Saturday, February 9, 2013

The Impending Execution of Paul Howell

Paul Augustus Howell sits on death row awaiting execution by the people of Florida on 26 February 2013. I offer the following details of the crime from the appellate decision of Howell v. State (2004):
In January of 1992, Howell constructed a bomb for the specific purpose of killing Tammie Bailey at her home in Marianna, Florida.
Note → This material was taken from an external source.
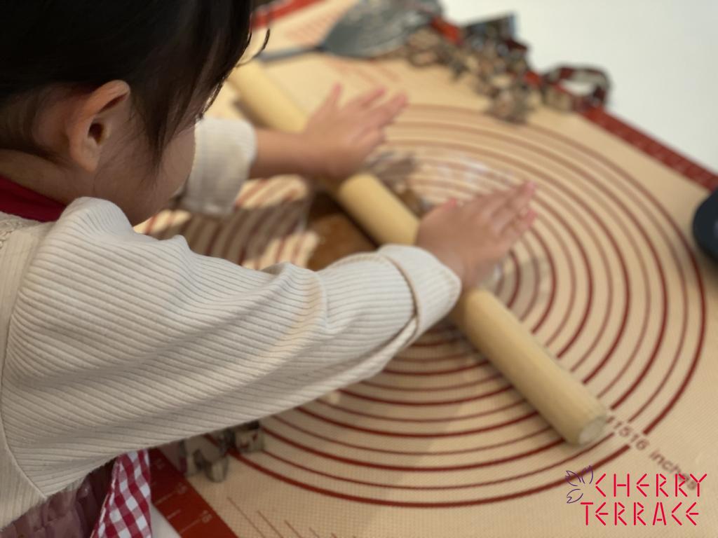 チェリーテラス・代官山に、小さなかわいい女の子がやってきました。スタッフのお子さんが、ジンジャーブレッドクッキー作りに挑戦してくれるというのです!

Bailey, Howell, and Howell's brother, Patrick, were part of a drug ring involving a number of other individuals in which drugs were obtained in Fort Lauderdale and then sold in Marianna, Florida. Howell intended to eliminate Bailey as a witness because she had knowledge that could link Howell and his brother to a prior murder. The bomb was placed inside a microwave oven and then the oven was gift-wrapped. Howell paid Lester Watson to drive and deliver the microwave to Bailey. Although he knew that Howell had often made pipe bombs, Watson testified that he thought the microwave contained drugs. Howell rented a car for Watson to use for the trip. Watson was accompanied on the trip by Curtis Williams. 
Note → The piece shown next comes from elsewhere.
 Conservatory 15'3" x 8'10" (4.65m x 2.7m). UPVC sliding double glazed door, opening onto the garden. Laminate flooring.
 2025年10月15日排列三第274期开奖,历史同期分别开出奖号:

While traveling on I-10 toward Marianna, Watson was stopped by Trooper Jimmy Fulford for speeding. Fulford ran a registration check on the car and a license check on Watson, who gave the trooper a false name and birth date because he did not have a valid driver's license. The radio dispatcher contacted the car rental company and was informed that Howell had rented the car. The dispatcher contacted Howell at his home in Fort Lauderdale, Florida, to determine whether the rental car had been stolen from him. Howell told the dispatcher that he had loaned the car to Watson but did not know that Watson would be traveling so far with the vehicle. Howell was informed by the dispatcher that Watson was going to be taken to the Jefferson County Jail. Howell did not give any warning to the dispatcher regarding the bomb. 
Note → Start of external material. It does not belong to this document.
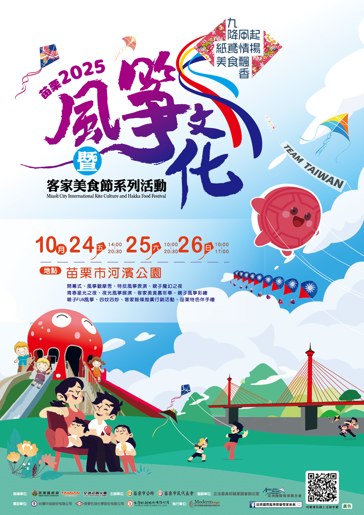 余文忠市長表示,苗栗風箏文化暨客家美食節不僅是放風箏的節慶,更是連結文化、歷史與人情的年度盛事。「當紅粄象徵幸福,國旗代表榮耀,TEAM TAIWAN凝聚團結,這三者在天空中交織飛舞,就是苗栗最美的風景。」苗栗2025風箏文化暨客家美食節,邀請全台民眾一同來到苗栗,迎風放飛夢想、品味客家風光,讓幸福隨九降風漫延全台。活動詳情請上官方網站查詢:http://www.miaoli-9kite.com/。

Deputies Harrell and Blount of the Jefferson County Sheriff's Department arrived at the scene and Watson gave them permission to search the vehicle. Trooper Fulford and the deputies observed the gift-wrapped microwave in the trunk of the car. Watson was arrested for speeding and driving without a valid driver's license and was transported, along with Williams, to the jail by Deputy Blount. Deputy Harrell also proceeded to the jail, leaving Trooper Fulford alone with the rental car. Shortly thereafter, a massive explosion took place at the scene. Testimony presented at Howell's trial by the State's explosives expert indicated that Trooper Fulford had been holding the microwave in his hands when the bomb went off. Trooper Fulford died instantly due to the massive trauma caused by the explosion.
I oppose the execution of any person who may be innocent of the crime for which he is to be executed. In all other cases, I stand mute regarding the propriety or wisdom of the execution. In the case of Paul Augustus Howell, I stand mute.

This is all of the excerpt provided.